Referring to FIGS. 5 and 10 , each of the first to third write periods WP1 to WP3 may include the N horizontal periods OH1 to OHn. Each of the horizontal periods OH1 to OHn may have a first duration. In this case, each of the first to third write periods WP1 to WP3 may have a second duration corresponding to N times of the first duration, and in particular, the second duration may be substantially the same as N times of the first duration. As an example, the first duration may be greater than a duration of each of the input horizontal periods IH1 to IHn.
As described above, in the case where the second duration of each of the first to third write periods WP1 to WP3 corresponds to N times of the first duration, i.e., when the second duration is substantially the same as the N times of the first duration, the blank period corresponding to the input blank periods IVP1 to IVP3 may be removed from the driving frames DFa, DFb, and DFc. However, the variable blank period may exist in some driving frames DFb and DFc among the driving frames DFa, DFb, and DFc according to the variation of the frequency. In the case where the first frequency is set as the reference frequency, the first driving frame DFa may include only the first write period WP1, however, the second and third driving frames DFb and DFc may include the first and second variable blank periods VBP1 and VBP2, respectively.

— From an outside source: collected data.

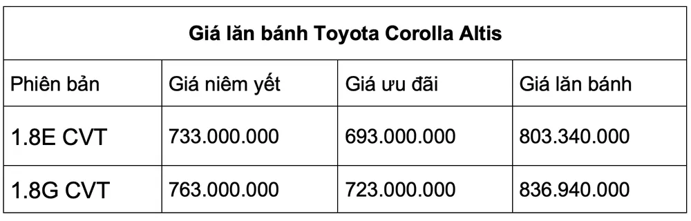 Như vậy, sau giảm giá và ưu đãi, tính ra chi phí mua các phiên bản Toyota Corolla Altis 1.8E CVT và 1.8G CVT chỉ còn từ 693 – 723 triệu đồng, tuỳ màu xe.
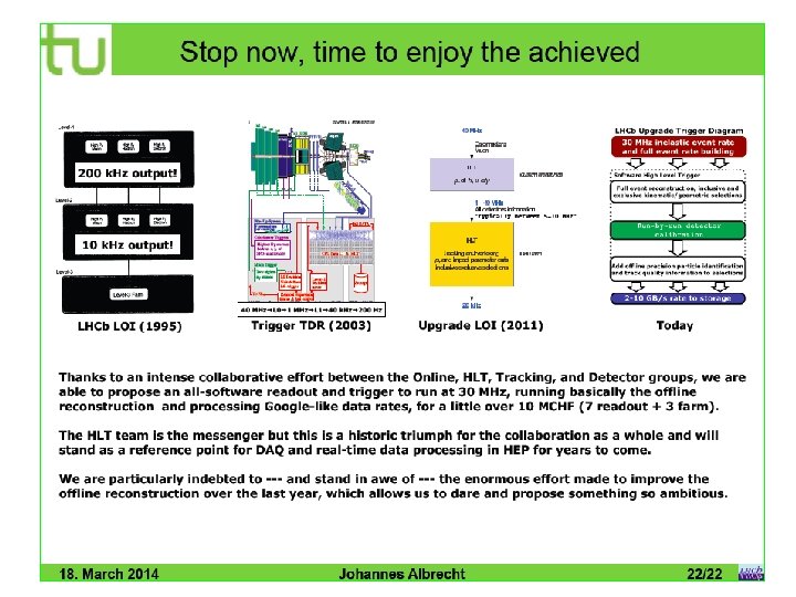 Is the TPU cost effective, TODAY ? Various estimates: (16/26)*2. 3+1. 5 = 2. 9 ms (%GEC) 60% * 3. 8 = 2. 3 ms 3. 8 ms -(VELO 10) = 2. 4 ms Cost of (naked) CPU: ~120 SWF/core → 1 ms@40 MHz = 4. 8 MCHF TPU equivalent: 10 ÷ 15 MCHF Timing of piece of code yielding the performances we have been comparing to: 3. 8 ms (standalone CPU-2012) It was later understood that this piece of code performs further extra work (backward VELO layers) We have no piece of code doing exactly the TPU work on the sample, TPU clearly cost-effective with the same performance solution at present time
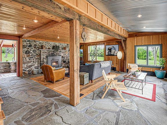 - Description: Irregular PA bluestone and reclaimed random width oak floor; corrugated metal, hand-hewn oak and Douglas fir ceiling with exposed angled beams and posts; exposed stone wall; reclaimed board & batten oak barn wall; floor-to-ceiling fieldstone fireplace
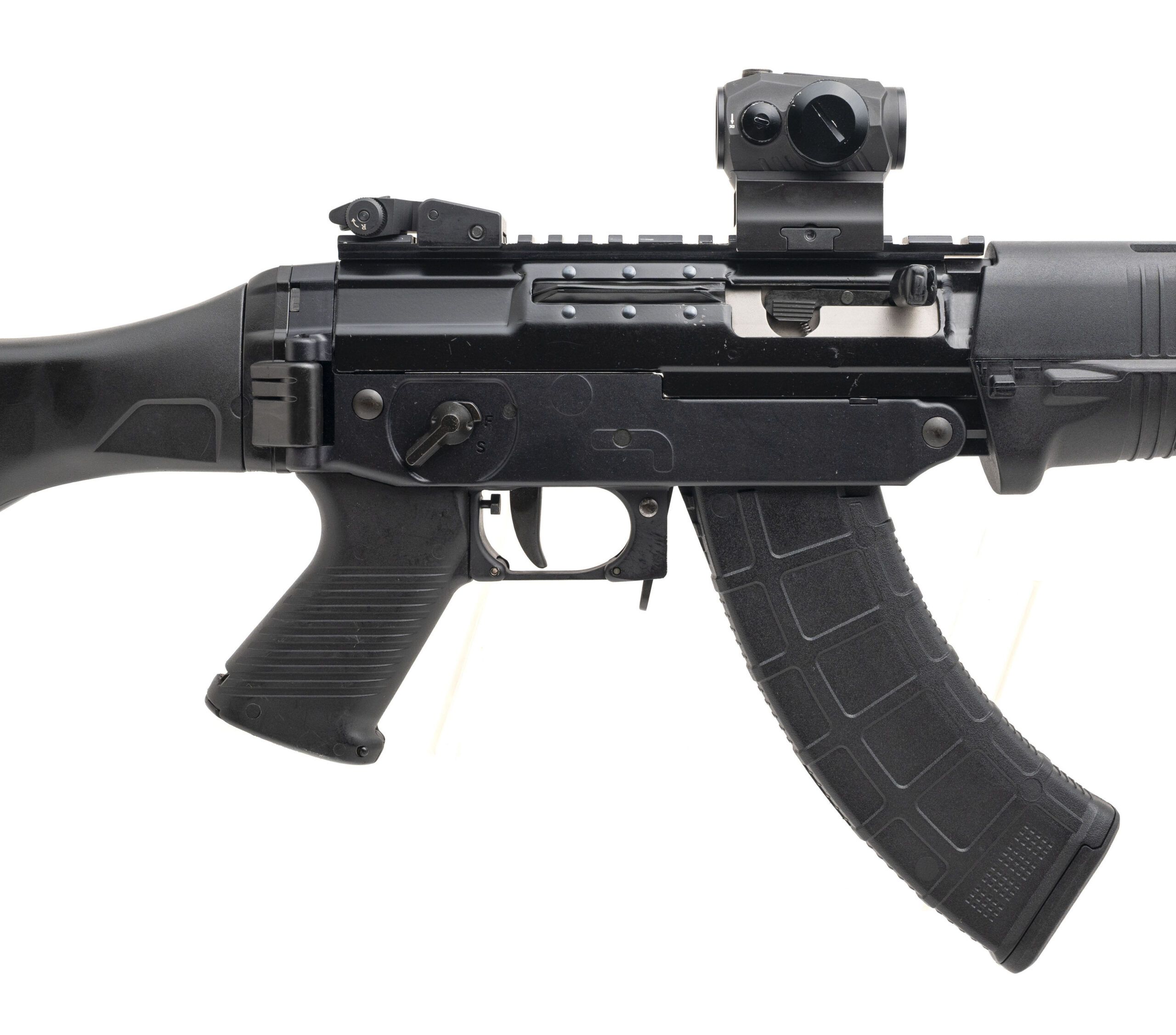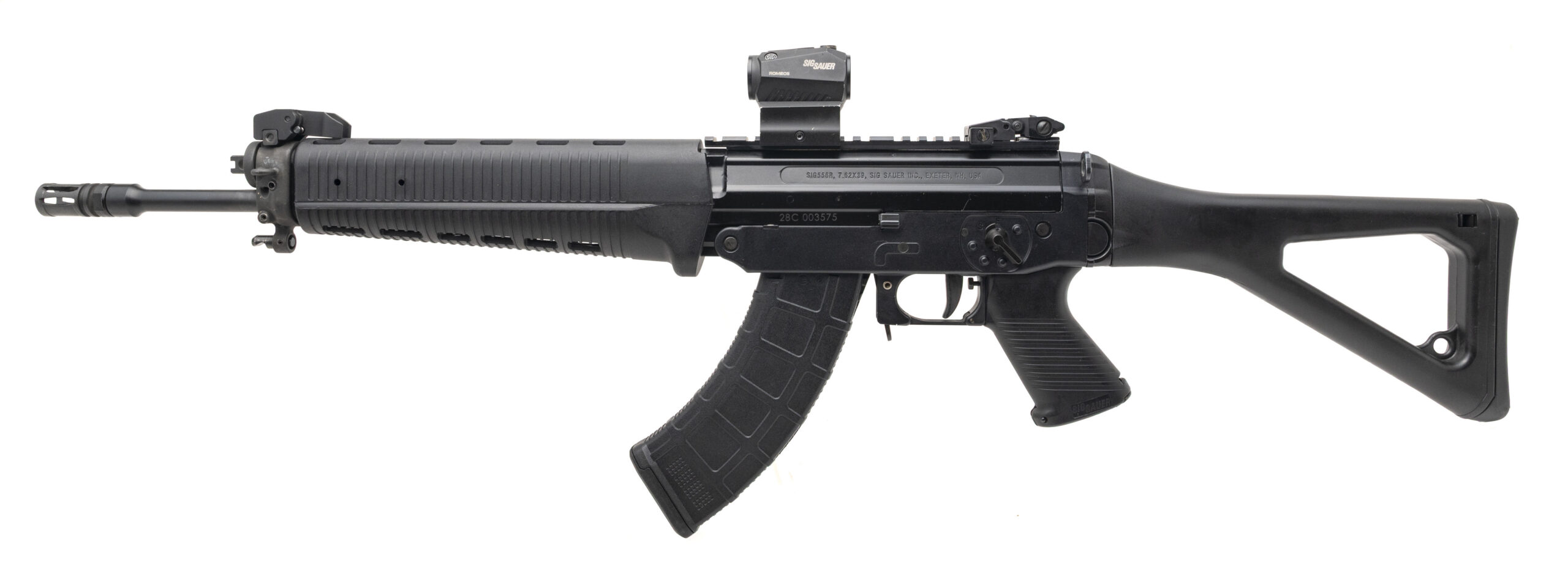 SN: 28C003575. Modern production, 7.62x39mm with a 16" barrel. Bore is very good. Piston driven tactical Sig Sauer Romeo5 red dot optic, flip-up iron sights, and a side-folding stock. Very good condition overall.

As shown in FIGS. 3 and 10 , the driving controller 100 may apply a training synchronizing signal T_Sync_c to the data driver 200 during the variable blank periods VBP1 and VBP2. As an example, the training synchronizing signal T_Sync_c may be activated in each of the variable blank periods VBP1 and VBP2. In detail, the training synchronizing signal T_Sync_c may be activated at a second time point t2 b after a predetermined reference time lapses from a first time point t1 b at which the variable blank periods VBP1 and VBP2 start. FIG. 10 shows a case where there is a time difference between the first and second time points t1 b and t2 b corresponding to the predetermined reference time, however, the present disclosure should not be limited thereto or thereby. Alternatively, the first and second time points t1 b and t2 b may substantially coincide with each other. The training synchronizing signal T_Sync_c may be activated for a predetermined period (hereinafter, referred to as a training period TPb) in a first sub-period, i.e., the third sub-period CY3, of each of the variable blank periods VBP1 and VBP2. In this case, a duration of the training period TPb may be smaller than a duration of the third sub-period CY3.
As described above, in the case where the blank period corresponding to the input blank periods IVP1 to IVP3 is removed from the driving frames DFa to DFc, the training synchronizing signal T_Sync_c may be activated in the variable blank periods VBP1 and VBP2, and thus, the phase locked loop of the data driver 200 may periodically perform the training operation.
Although the embodiments of the present disclosure have been described, it is understood that the present disclosure should not be limited to these embodiments but various changes and modifications can be made by one ordinary skilled in the art within the spirit and scope of the present disclosure as hereinafter claimed. Therefore, the disclosed subject matter should not be limited to any single embodiment described herein, and the scope of the present invention shall be determined according to the attached claims.